I’ve heard of, although not read, the book Rare Earth by Ward and Brownlee. I lean towards the mediocrity principle favored by Sagan and Drake, myself. But taking just the concept of the galactic habitable zone, the proposal is that it contains 10% of the stars in the Milky Way. This still leaves 20-40 billion stars based on conservative estimates of the number of stars in the galaxy. That’s still a lot of rolls of the dice, as it were.

Both views are subject to criticism. Both the Rare Earth equation and the Drake equation require lots of conjecture. Most of the values cannot be estimated simply because we have only one data point: the Earth, a rocky planet orbiting a G2 star in a quiet suburb of a large barred spiral galaxy, and the home of the only intelligent species we know.

We’ve come rather far afield from the source of the water on Mars. I think that part of the trouble, whether we’re talking about a planet one hop away from ours or the vastness of the universe, is that you are looking for ways that given data will support your underlying hypothesis, that of a young Earth created by an unprovable divine being, while I’m looking at what conclusions can be reached based on neutral analysis of the data. I’m well aware that I’m not going to shake you from your chosen position.
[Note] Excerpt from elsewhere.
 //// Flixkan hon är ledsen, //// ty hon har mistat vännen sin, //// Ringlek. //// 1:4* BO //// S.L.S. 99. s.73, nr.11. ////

But I prefer my discoveries to be made for their own sake, not twisted around until they fit to a story in an old book.

Matt Prorok

I was raised in a Christian household, and attended church regularly. My school, a public school, appropriately dealt with religion only in its historical context. I’ve come to my atheism honestly, as a result of refusing to believe that which has no evidence. I accept all science as tentative, and any claim to absolutely certain knowledge is suspect. There’s no agenda to real scientific discovery; science is interested in the world as it is, not as we wish it to be.

On that note, I’ll just leave this here: link to arst.ch

intrepidwizard

Water is natural in the Universe it is even found on Asteroids.